The ferris wheel at the town fair has a radius of 25 feet. Passengers enter the cars on the ferris wheel at it’s lowest point which is 10 feet off the ground. Assume that passengers rotate on the wheel 5 times in 1 minute. What is the highest point off the ground that a passenger will be when riding the ferris wheel?
10+2*25 = 60
Where did 2 come from
the wheel's diameter is twice the radius...
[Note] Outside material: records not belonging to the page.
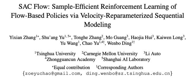 一种用高数据效率强化学习算法 SAC 训练流策略的新方案,可以端到端优化真实的流策略,而无需采用替代目标或者策略蒸馏。SAC FLow 的核心思想是把流策略视作一个 residual RNN,再用 GRU 门控和 Transformer Decoder 两套速度参数化。SAC FLow 在 MuJoCo、OGBench、Robomimic 上达到了极高的数据效率和显著 SOTA 的性能。
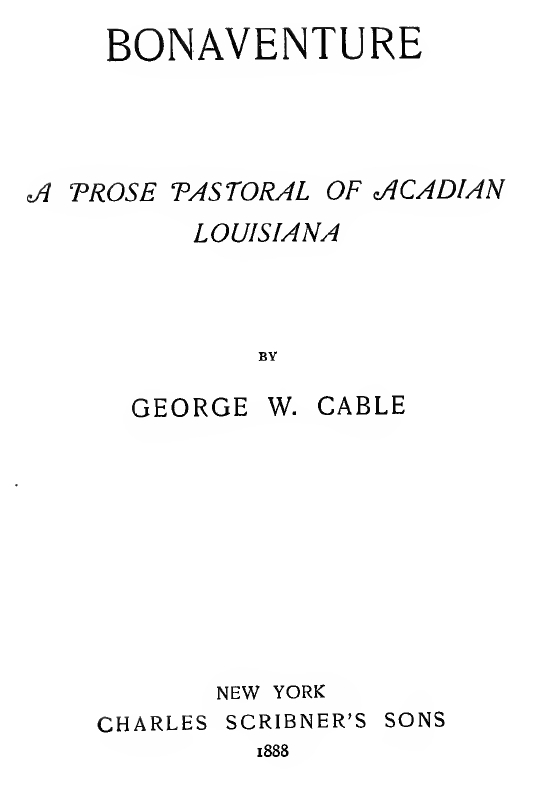 Cable, George Washington. Bonaventure: A Prose Pastoral of Acadian Louisiana. New York: Charles Scribner's Sons, 1888. Internet Archive. 9 Nov. 2007. Web. 21 Apr. 2014. <https:// archive.org/ details/ bonaventure apro00 conggoog>.
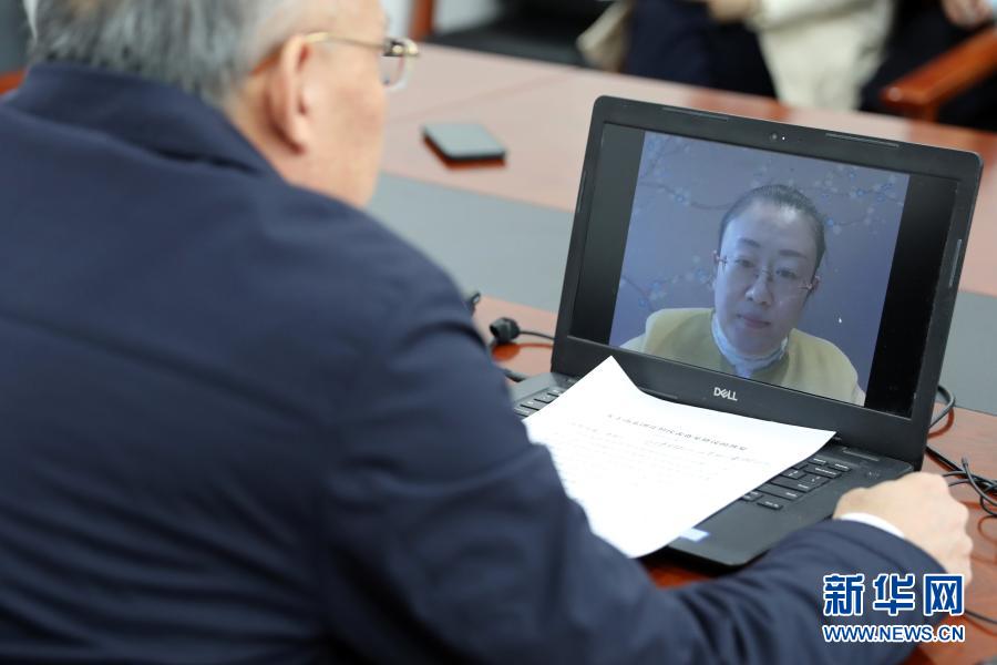 3月7日,全國人大代表、山東省泰安市農(nóng)科院食用菌研究所所長孔怡(屏幕畫面中)同農(nóng)業(yè)農(nóng)村部種業(yè)管理司副司長孫好勤在北京進(jìn)行網(wǎng)絡(luò)視頻連線。這是一次不尋常的兩會“速遞”:3月5日代表提出建議,3月6日建議經(jīng)國務(wù)院辦公廳轉(zhuǎn)到農(nóng)業(yè)農(nóng)村部,3月7日中午就實(shí)現(xiàn)了部門與代表的“云對話”。新華社記者 李木子 攝
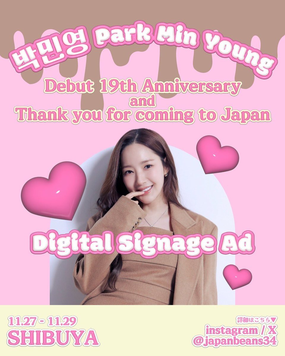 パクミニョンさんのデビュー19周年と日本ファンミーティング開催を記念して、応援広告を掲出します🫘 🗓️┊︎11/27(木)〜29(土) 🕘┊︎9:00〜24:00 🎬┊︎15秒×4回/毎時 📍┊︎渋谷(詳細は27日9時以降告知) 日本からミニョンさんにたくさんの愛を届けましょう🤍 #パクミニョン #parkminyoung #박민영 pic.x.com/HWcmtE7Y5V
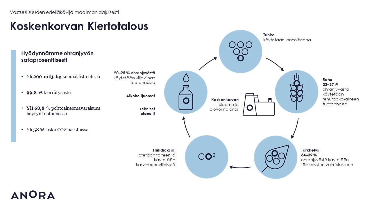 neen eli viljan maksimaalinen hyödyntäminen. Luonnontuotteena vilja uusiutuu joka vuosi ja sen kuori käytetään uusiutuvana polttoaineena. Jäljelle jäävää tuhkaa käytetään lannoitteena pellolla mahdollistaen jälleen uuden kasvin kasvamisen ja uuden sadon. Monipolttoaineratkaisuihin panostetaan. Ohrasta valmistetaan tärkkelystä, rehuraaka-aineita ja ensisijaisesti juomaetanolia, mutta myös muita etanolijakeita, jotka sopivat teknisiksi tuotteiksi. Ne, mitä ei voi käyttää, hyödynnetään energiana. Eri polttotekniikat edellyttävät lisähintaa investoinneissa, mutta pitkässä juoksussa ne ovat olleet järkeviä ratkaisuja. Erityisesti näitä aiempia päätöksiä arvostaa maailman nykytilanteessa, kun ei olla riippuvaisia esimerkiksi maakaasusta.
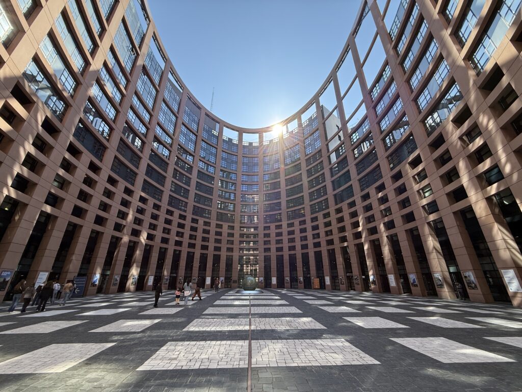 Natürlich kamen wir an weiteren europäischen Institutionen vorbei. Die Waagschalen des Europäischen Gerichtshofs sind klar zu erkennen.
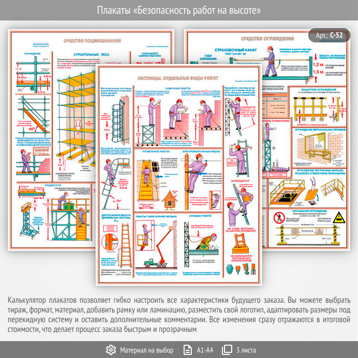 Плакаты «Безопасность работ на высоте» (С-52, 3 листа) в Москве купить
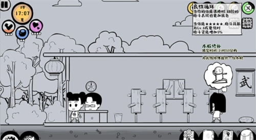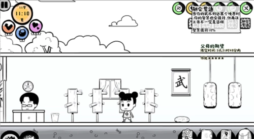 第四个buff是“良性循环”,当角色有钱去武馆且格斗资质未达满星时必定触发——毕竟技能都还没学呢。这个buff的效果是让格斗资质提升5%。
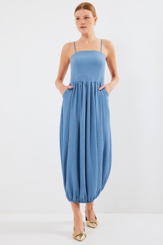 Kadın uzun kollu kare yakalı gipeli uzun trikoton elbise
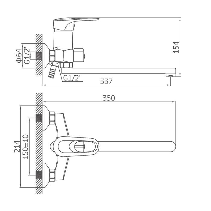 Cмеситель для ванны Accoona A7130A, однорычажный, с душевым набором, латунь, сатин
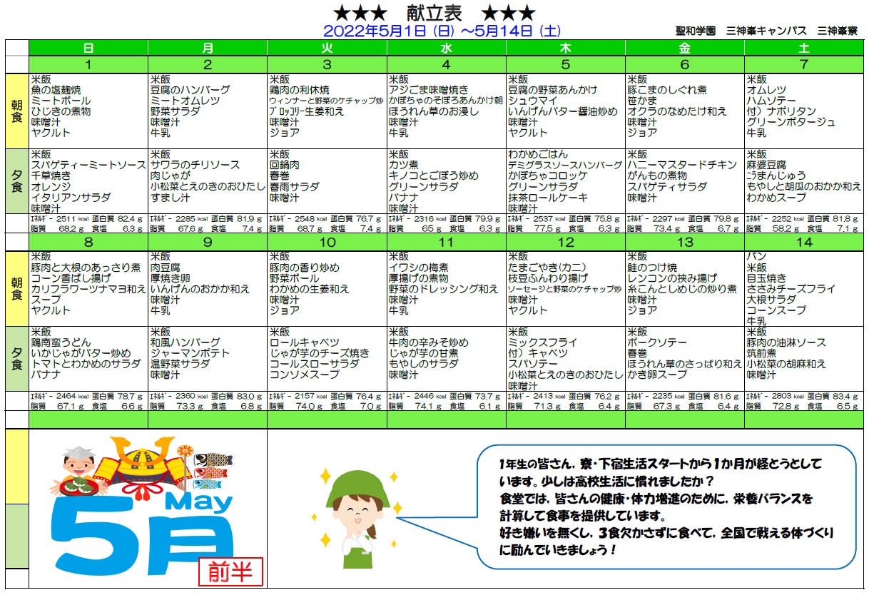 三神峯寮献立表(5月前半)

so it has be twice as big wich means that you have to times it by 2 my maths teacher 2 years ago mr beaker taught me that.
To determine the highest point off the ground that a passenger will reach on the Ferris wheel, we need to find the maximum height of an object moving in a circle.
The Ferris wheel is essentially a rotating circle, and the highest point will be at the topmost position on this circle.
To find the highest point, we can use the concept of the circumference and the radius of the circle.
The formula for the circumference of a circle is: C = 2πr, where C is the circumference and r is the radius.
In this case, the radius of the Ferris wheel is given as 25 feet. So, we can find the circumference as follows: C = 2π(25) = 50π feet.
Since passengers rotate on the wheel 5 times in 1 minute, we need to divide the circumference by the number of rotations to determine the distance covered in one rotation.
The distance covered in one rotation is: 50π / 5 = 10π feet.
Now, to find the highest point off the ground, we need to add the height off the ground at the lowest point to the radius of the Ferris wheel.
The height off the ground at the lowest point is given as 10 feet, and the radius is 25 feet.
Therefore, the highest point off the ground will be: 10 + 25 = 35 feet.
So, when riding the Ferris wheel, the passengers will reach a maximum height of 35 feet off the ground.